Exercise data START

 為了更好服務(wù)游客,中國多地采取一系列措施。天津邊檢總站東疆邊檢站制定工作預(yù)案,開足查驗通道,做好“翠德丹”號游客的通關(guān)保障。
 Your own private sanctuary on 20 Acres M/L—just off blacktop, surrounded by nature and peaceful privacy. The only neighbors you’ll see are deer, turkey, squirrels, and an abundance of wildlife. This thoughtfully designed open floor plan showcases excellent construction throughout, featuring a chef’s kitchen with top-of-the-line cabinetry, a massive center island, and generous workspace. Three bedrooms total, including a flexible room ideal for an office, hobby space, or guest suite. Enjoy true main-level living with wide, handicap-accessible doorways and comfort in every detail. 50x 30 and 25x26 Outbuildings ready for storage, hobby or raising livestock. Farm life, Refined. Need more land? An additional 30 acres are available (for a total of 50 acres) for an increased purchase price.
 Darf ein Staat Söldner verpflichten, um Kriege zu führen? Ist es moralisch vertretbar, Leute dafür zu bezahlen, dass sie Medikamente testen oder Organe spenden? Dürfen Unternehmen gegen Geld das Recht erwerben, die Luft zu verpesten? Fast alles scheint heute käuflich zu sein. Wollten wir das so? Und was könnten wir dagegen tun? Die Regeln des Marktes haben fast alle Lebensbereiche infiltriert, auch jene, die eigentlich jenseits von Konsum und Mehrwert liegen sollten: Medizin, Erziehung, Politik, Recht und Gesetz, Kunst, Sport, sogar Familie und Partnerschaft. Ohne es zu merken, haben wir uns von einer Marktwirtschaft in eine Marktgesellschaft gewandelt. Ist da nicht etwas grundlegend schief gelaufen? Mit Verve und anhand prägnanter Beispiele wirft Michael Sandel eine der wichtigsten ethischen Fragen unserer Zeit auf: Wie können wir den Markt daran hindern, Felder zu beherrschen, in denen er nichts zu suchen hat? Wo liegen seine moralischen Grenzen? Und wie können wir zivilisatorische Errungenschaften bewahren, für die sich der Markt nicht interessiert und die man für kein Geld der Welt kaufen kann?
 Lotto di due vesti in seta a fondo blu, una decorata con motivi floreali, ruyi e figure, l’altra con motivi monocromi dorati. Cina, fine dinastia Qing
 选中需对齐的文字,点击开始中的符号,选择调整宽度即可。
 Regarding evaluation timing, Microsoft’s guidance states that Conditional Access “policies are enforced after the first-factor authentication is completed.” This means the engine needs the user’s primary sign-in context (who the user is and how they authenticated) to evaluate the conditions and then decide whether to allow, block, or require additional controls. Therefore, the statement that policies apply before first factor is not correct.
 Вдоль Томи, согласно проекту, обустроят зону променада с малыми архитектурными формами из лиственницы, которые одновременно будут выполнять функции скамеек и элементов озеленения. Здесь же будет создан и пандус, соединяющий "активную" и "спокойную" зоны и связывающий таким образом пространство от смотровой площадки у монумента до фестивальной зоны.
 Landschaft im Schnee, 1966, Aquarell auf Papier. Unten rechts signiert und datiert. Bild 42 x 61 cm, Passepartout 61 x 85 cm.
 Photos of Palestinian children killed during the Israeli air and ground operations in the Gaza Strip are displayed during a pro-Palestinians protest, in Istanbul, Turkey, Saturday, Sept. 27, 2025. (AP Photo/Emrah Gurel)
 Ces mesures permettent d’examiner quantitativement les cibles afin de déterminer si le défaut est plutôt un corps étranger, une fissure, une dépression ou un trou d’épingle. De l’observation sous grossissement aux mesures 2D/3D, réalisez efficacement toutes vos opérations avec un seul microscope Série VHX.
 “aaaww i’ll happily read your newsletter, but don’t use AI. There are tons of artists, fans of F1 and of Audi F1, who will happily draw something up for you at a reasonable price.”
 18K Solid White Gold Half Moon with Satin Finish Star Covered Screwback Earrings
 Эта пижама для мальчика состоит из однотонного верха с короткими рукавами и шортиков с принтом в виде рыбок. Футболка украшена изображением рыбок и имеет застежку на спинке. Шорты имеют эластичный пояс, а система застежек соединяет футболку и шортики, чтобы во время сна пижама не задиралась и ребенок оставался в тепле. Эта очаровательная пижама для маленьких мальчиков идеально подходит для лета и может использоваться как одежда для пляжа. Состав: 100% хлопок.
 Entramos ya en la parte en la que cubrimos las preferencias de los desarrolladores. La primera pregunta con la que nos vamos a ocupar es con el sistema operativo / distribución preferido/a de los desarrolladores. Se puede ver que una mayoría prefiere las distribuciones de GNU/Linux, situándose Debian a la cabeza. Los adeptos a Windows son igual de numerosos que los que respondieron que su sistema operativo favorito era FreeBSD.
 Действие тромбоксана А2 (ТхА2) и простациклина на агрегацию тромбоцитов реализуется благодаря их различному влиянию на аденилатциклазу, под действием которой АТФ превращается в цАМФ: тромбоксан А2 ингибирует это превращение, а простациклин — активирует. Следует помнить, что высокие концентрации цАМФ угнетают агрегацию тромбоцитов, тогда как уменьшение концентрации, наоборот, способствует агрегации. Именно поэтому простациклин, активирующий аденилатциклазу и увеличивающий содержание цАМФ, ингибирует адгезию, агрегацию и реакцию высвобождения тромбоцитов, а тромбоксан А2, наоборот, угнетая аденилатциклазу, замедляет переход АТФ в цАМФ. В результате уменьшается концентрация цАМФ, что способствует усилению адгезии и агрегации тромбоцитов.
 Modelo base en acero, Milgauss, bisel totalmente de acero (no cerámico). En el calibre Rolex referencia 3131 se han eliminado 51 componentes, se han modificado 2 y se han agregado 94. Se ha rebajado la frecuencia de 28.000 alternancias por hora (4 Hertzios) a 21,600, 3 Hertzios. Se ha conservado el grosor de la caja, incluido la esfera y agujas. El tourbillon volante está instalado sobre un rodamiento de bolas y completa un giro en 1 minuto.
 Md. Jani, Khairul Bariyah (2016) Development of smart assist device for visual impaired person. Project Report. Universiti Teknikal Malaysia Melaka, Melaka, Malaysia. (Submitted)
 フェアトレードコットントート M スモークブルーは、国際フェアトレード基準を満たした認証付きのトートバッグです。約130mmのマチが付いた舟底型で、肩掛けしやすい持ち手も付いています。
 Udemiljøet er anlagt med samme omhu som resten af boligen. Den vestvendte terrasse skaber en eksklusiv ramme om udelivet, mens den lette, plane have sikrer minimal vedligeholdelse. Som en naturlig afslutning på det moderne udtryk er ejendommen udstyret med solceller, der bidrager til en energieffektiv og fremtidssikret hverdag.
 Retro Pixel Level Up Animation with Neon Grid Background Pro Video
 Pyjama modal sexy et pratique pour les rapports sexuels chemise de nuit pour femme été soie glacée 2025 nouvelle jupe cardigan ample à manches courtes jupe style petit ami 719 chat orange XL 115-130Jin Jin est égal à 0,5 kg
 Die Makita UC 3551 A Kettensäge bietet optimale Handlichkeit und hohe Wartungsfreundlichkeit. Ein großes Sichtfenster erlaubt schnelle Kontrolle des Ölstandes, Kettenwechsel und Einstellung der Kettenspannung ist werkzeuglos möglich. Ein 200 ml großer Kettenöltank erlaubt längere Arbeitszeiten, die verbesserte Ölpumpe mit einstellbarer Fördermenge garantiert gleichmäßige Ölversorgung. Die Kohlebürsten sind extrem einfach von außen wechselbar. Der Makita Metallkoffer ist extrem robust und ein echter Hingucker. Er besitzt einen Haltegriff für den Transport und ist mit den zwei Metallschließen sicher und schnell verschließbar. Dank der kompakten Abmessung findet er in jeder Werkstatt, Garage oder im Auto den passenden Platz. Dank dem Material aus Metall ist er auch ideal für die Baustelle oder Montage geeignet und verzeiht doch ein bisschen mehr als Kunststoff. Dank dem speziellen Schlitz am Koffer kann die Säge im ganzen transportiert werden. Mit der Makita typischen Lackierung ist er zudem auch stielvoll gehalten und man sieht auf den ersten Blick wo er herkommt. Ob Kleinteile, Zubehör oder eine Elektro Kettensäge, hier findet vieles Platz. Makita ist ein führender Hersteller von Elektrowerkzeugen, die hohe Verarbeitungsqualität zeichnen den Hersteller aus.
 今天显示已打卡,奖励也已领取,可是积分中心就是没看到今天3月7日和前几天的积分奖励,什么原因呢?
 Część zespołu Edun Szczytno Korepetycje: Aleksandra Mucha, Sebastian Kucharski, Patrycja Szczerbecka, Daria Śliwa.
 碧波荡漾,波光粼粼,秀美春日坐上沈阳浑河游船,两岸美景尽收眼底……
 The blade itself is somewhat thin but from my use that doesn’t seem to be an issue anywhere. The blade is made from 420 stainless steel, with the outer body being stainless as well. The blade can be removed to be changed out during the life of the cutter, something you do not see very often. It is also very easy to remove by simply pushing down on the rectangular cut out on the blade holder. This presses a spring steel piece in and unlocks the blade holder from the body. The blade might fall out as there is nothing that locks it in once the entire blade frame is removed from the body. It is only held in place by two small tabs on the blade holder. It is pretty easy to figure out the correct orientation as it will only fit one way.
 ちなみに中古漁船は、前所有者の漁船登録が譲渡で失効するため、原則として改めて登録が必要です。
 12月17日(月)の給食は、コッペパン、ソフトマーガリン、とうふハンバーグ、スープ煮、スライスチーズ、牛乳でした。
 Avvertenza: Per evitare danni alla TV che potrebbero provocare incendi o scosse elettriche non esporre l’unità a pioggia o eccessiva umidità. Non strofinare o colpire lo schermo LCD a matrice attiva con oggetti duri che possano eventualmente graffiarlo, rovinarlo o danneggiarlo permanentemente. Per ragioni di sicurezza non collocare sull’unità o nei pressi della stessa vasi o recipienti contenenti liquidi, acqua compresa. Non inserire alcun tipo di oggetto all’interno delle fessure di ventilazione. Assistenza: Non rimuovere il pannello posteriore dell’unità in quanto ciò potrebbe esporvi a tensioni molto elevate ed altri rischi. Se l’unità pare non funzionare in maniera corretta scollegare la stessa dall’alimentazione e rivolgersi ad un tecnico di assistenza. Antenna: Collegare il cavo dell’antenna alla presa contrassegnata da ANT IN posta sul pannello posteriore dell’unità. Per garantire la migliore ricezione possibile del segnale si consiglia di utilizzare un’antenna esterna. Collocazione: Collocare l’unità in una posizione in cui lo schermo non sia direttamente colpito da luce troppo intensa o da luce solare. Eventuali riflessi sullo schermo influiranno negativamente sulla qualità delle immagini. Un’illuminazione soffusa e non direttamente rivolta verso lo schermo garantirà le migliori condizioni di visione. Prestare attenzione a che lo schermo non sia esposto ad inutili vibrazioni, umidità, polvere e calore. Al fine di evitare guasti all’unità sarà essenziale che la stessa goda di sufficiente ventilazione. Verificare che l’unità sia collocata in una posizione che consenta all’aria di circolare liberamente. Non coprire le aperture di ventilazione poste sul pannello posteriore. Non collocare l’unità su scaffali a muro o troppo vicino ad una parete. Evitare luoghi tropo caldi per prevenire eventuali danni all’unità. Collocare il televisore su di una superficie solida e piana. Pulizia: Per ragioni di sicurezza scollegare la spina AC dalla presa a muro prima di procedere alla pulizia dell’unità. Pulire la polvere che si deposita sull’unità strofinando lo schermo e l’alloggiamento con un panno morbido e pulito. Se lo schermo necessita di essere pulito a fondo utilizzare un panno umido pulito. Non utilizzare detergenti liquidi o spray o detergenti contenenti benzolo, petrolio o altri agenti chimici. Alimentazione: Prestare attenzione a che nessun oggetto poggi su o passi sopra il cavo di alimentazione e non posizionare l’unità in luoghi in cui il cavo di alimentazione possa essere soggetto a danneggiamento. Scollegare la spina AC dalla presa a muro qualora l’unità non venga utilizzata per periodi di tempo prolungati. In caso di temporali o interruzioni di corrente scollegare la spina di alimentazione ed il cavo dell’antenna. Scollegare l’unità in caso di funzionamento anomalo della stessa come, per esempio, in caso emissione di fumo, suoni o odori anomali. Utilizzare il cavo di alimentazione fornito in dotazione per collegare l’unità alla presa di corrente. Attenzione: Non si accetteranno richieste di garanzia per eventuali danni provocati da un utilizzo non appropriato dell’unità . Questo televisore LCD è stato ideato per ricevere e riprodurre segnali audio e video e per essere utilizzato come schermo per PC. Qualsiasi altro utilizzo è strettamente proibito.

Exercise data END

Your objective :: Look above for the line holding "Retro Pixel Level", then set down exactly that line and every line after it up to and including the line holding "Pyjama modal sexy", with nothing else.

Solution for this task ::
 Retro Pixel Level Up Animation with Neon Grid Background Pro Video
 Pyjama modal sexy et pratique pour les rapports sexuels chemise de nuit pour femme été soie glacée 2025 nouvelle jupe cardigan ample à manches courtes jupe style petit ami 719 chat orange XL 115-130Jin Jin est égal à 0,5 kg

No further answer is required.